*Input data*
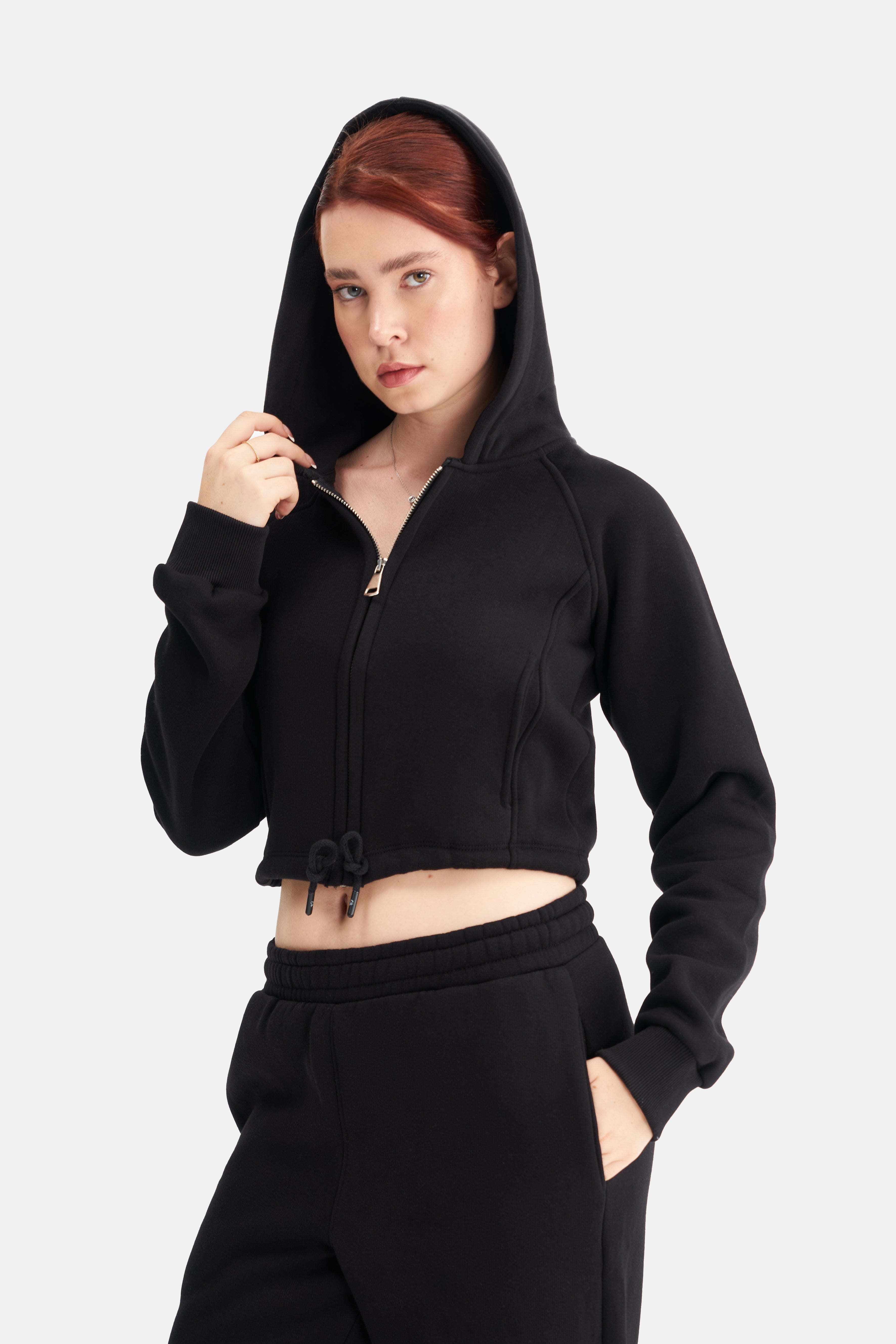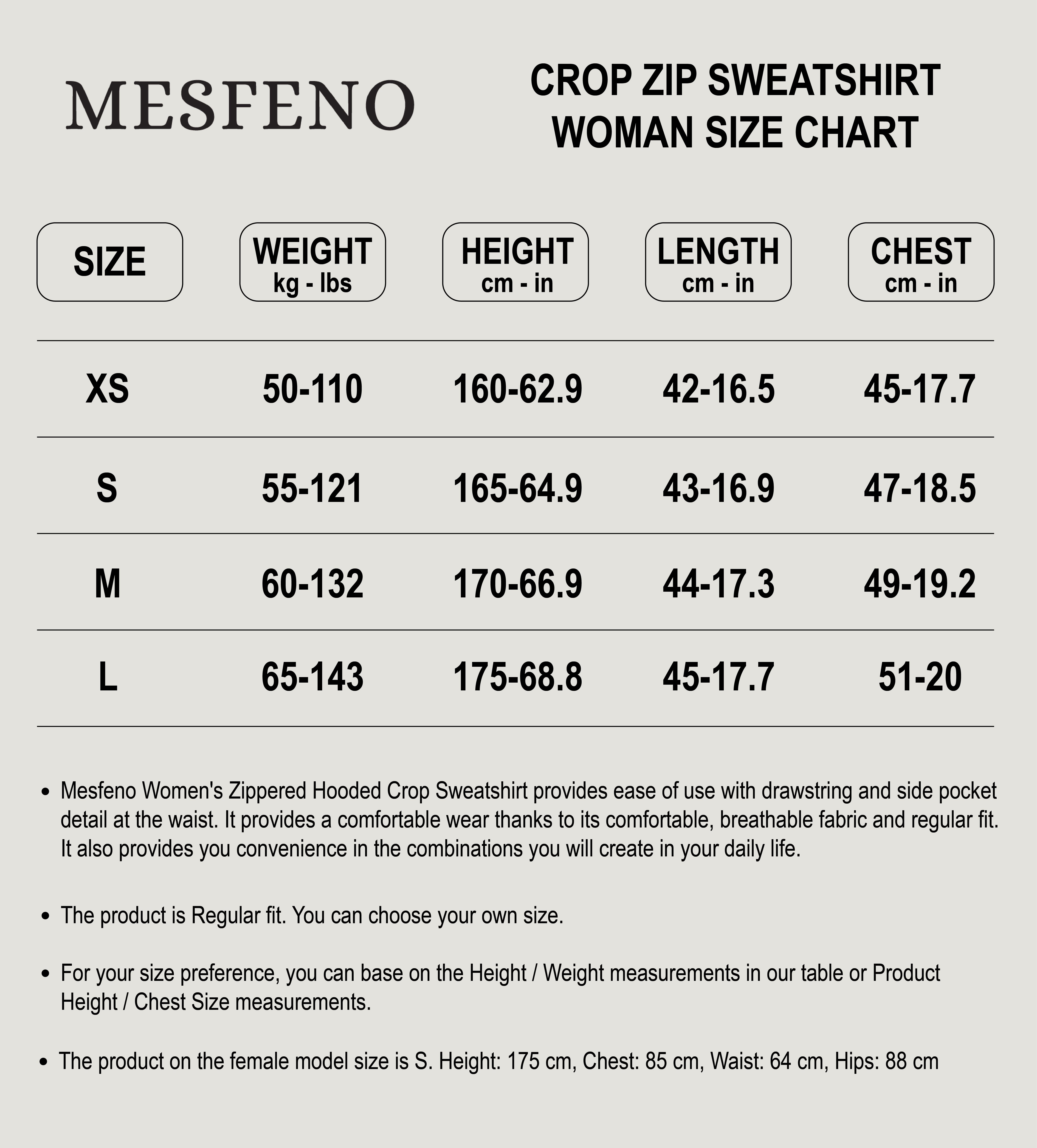 Mesfeno Women's Zip-Up Hooded Crop Sweatshirt offers ease of use with its drawstring waist and side pocket details. Its breathable and comfortable fabric, combined with a regular fit, ensures a relaxed wearing experience. Perfect for everyday outfits, making styling effortless.
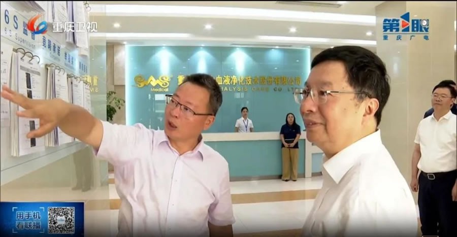 8月5日,重慶市委副書(shū)記、市長(zhǎng)胡衡華蒞臨重慶山外山血液凈化技術(shù)股份有限公司(“山外山”,科創(chuàng)板股票代碼:688410)調(diào)研。山外山董事長(zhǎng)高光勇陪同調(diào)研。
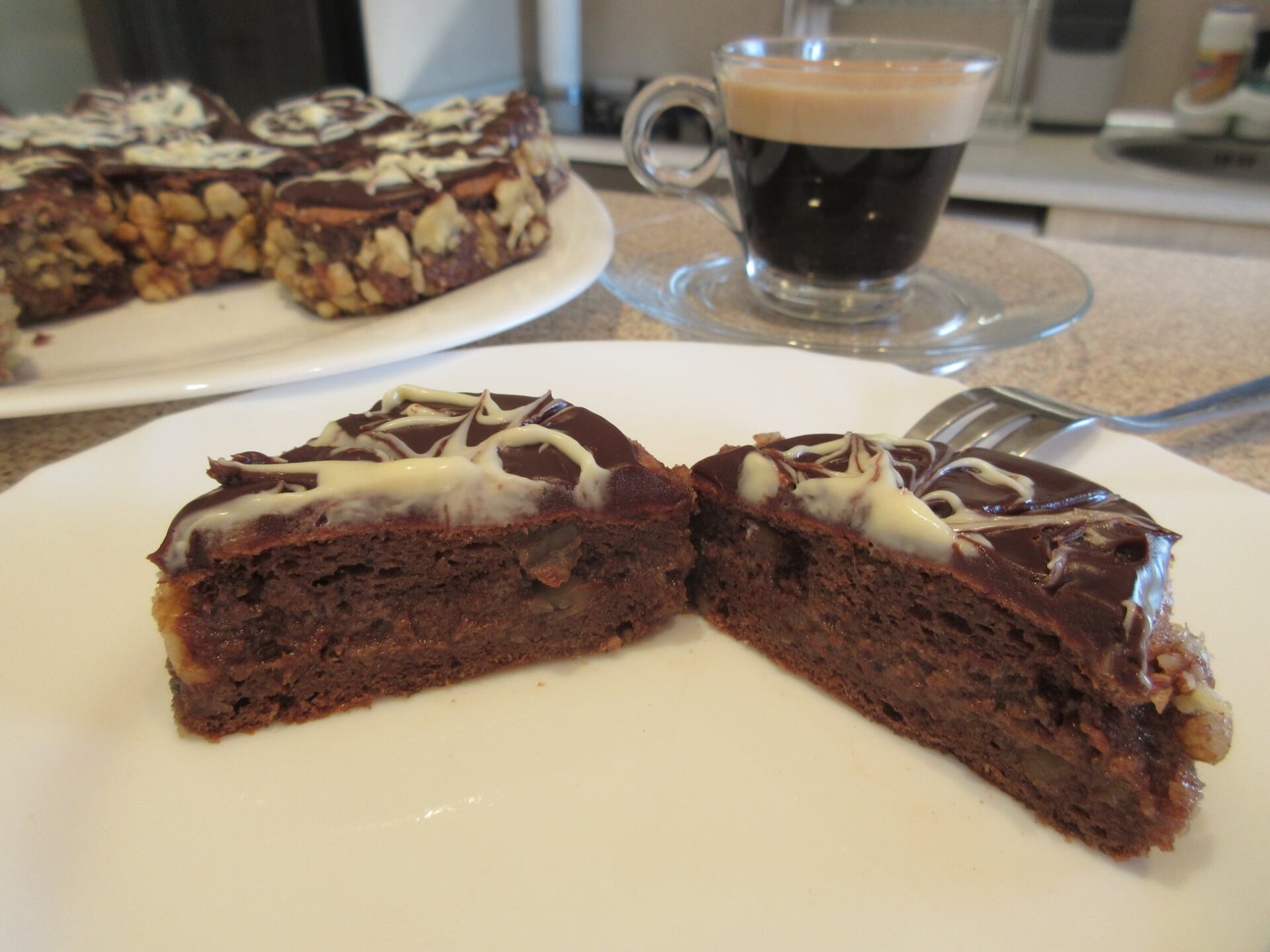 Χτυπάμε το βούτυρο με τη ζάχαρη, προσθέτουμε έναν έναν τους κρόκους, συνεχίζοντας το χτύπημα με το μίξερ, προσθέτουμε τη βανίλια. Προσθέτουμε το κακάο, το αλεύρι και τους ξηρούς καρπούς. Τέλος προσθέτουμε τα χτυπημένα ασπράδια. Αδειάζουμε το μείγμα που προκύπτει σε ένα μεγάλο ορθογώνιο ταψί, προστρωμένο με χαρτί ψησίματος.

*Goal of the exercise*
Output, word for word, the full listing above, with no pictures.

*Written answer*
 Mesfeno Women's Zip-Up Hooded Crop Sweatshirt offers ease of use with its drawstring waist and side pocket details. Its breathable and comfortable fabric, combined with a regular fit, ensures a relaxed wearing experience. Perfect for everyday outfits, making styling effortless.
 8月5日,重慶市委副書(shū)記、市長(zhǎng)胡衡華蒞臨重慶山外山血液凈化技術(shù)股份有限公司(“山外山”,科創(chuàng)板股票代碼:688410)調(diào)研。山外山董事長(zhǎng)高光勇陪同調(diào)研。
 Χτυπάμε το βούτυρο με τη ζάχαρη, προσθέτουμε έναν έναν τους κρόκους, συνεχίζοντας το χτύπημα με το μίξερ, προσθέτουμε τη βανίλια. Προσθέτουμε το κακάο, το αλεύρι και τους ξηρούς καρπούς. Τέλος προσθέτουμε τα χτυπημένα ασπράδια. Αδειάζουμε το μείγμα που προκύπτει σε ένα μεγάλο ορθογώνιο ταψί, προστρωμένο με χαρτί ψησίματος.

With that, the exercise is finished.